A computing device typically executes software referred to as an “operating system” to provide an environment in which programs or other executables, generally referred to as “software applications,” may execute. The operating system manages the hardware resources of the computing device, and typically presents what is referred to as an application programming interface (API) with the software applications interact to utilize the underlying hardware resources provided by the computing devices. The hardware resources typically include storage devices (e.g., hard drives, compact disc drives, and digital video disc drives), memories (e.g., random access memory, dynamic random access memory, and static random access memory), graphics cards, card readers, printers, keyboards, mice, network interfaces or any other type of hardware provided by or included within computing devices. The applications generally invoke one or more functions provided by the API to access this hardware through the operating system. The operating system generally manages any interrupts, exceptions and faults that result from such function calls and otherwise acts as an intermediary between the applications and the underlying hardware.
To provide the applications access to data stored to memories and storage devices, the operating system typically includes internal software that provides one or more file systems. A file system is a logical construct that defines the manner in which data is stored on media, such as permanent storage devices accessible to the computing system. Typically, the file system components of the operating system operates on discrete portions of data referred to as files and organizes these files into a hierarchical structure for the storage, organization, manipulation and retrieval by the operating system. The hierarchical structure is generally defined in terms of directories (or so-called “folders”) and sub-directories (so-called “sub-folders”). The file system maps various physical areas of the underlying storage devices to the directories and sub-directories of the hierarchical structure and defines which areas are used to store which files and which areas are currently available to store additional files. For example, the file system may store data mapping at least a portion of a file to a particular sector of a hard drive, as well as, other metadata defining the file name, date of file creation, size of the file, and the like.

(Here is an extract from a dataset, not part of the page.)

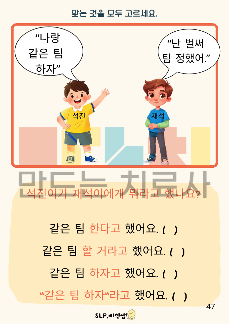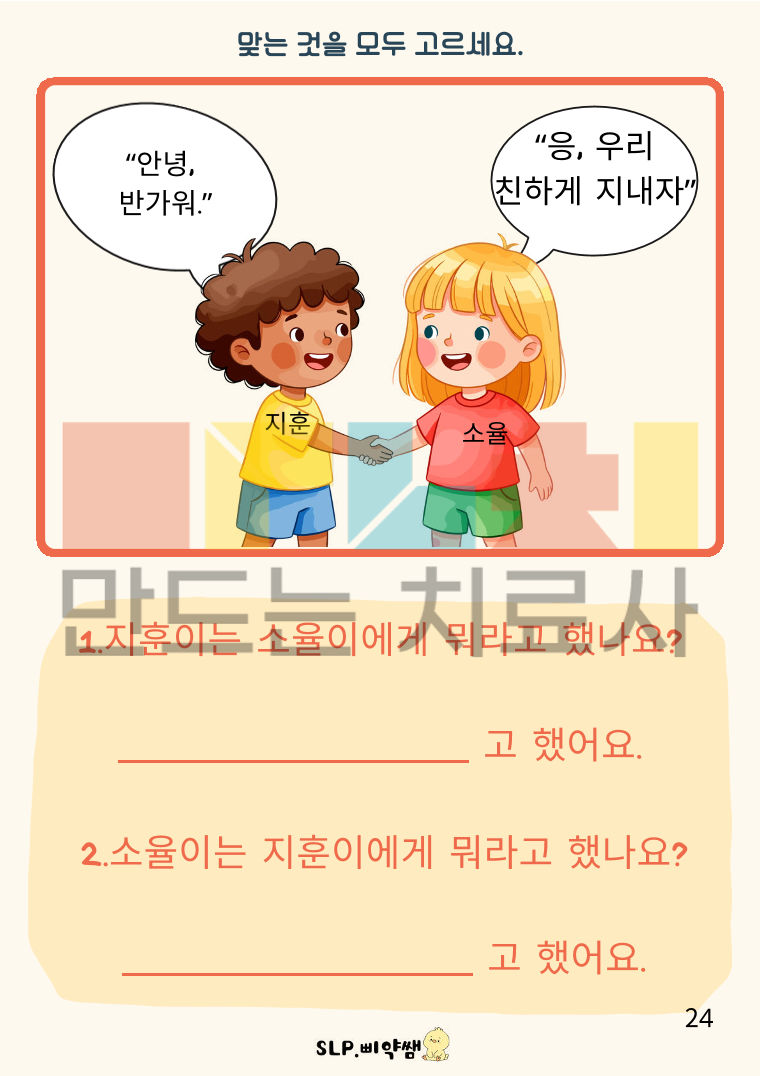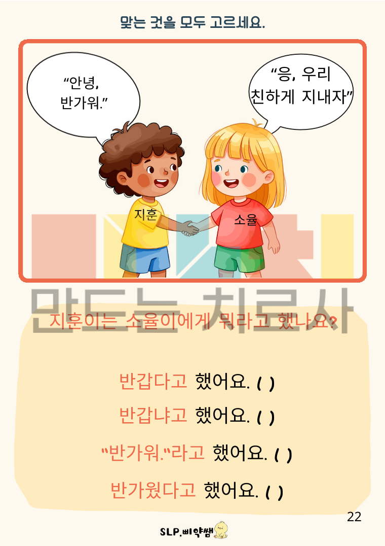 다른 사람이 한 이야기를 전달하는 방식에는 직접 인용과 간접 인용이 있지요. 직접 인용은[ "엄마가 밥 먹어."라고 했어.]와 같이 전달하면 되니 아이들이 비교적 잘 이야기 합니다. 반면, 간접 인용은 평서문, 의문문, 명령문, 청유문에 따락 '-다고, -냐고,-라고, -자고'와 같은 표현을 써서 활용해야 하므로 전달하기 어려워하는 아동들이 있습니다. SLP가 말 한 직후 "선생님이 뭐라고 했지?"라고 물어도 잘 대답하지 못하는 경우가 많습니다. (여기서는 주의집중 문제로 대답 못하는 아동들 대신 인용절 사용이 어려운 아동들을 예로 든 것입니다. 단, 주의 집중에 문제가 있는 아동들도 듣기 연습을 하면서 주의집중 및 인용절 사용을 훈련해도 좋습니다.) 글을 읽지 못하는 아동들은 SLP가 그림을 보여주며, 역할극처럼 대사를 읽어준 후 듣고 대답하는 형식으로 하면 더 재미있는 연습이 됩니다 ^^

While operating systems are carefully constructed to provide a secure and consistent operating environment for the software applications, the operating system may experience faults that crash or otherwise prevent successful execution of the operating system. Faults that occur in the file system, for example, due to software errors or so-called “bugs” in the program code providing the file system of the operating system or transient faults in the device hardware, generally lead to total failure of the entire operating system as a result of the importance of the file system to stable execution of the operating system. To illustrate, a fault in the file system code may impact the mapping of data to areas of the memories and storage devices, which may effectively lead to loss of data. Consequently, in response to file system faults or other failures, if handled gracefully, the operating system typically, if handled gracefully, requests that the computing device be restarted to overcome the failure or, if not well handled, shuts down without much in the way of warning, forcing a restart of the computing device. This forced shutdown or restart impacts the usability of the computing device. In addition, the current state of software applications being executed by the operating system, as well as, some incremental user data not yet written to the storage devices may be lost. The operating system may attempt data recovery operations in an attempt to recover this lost application state data and incremental user data but these recovery operations are usually only partially successful.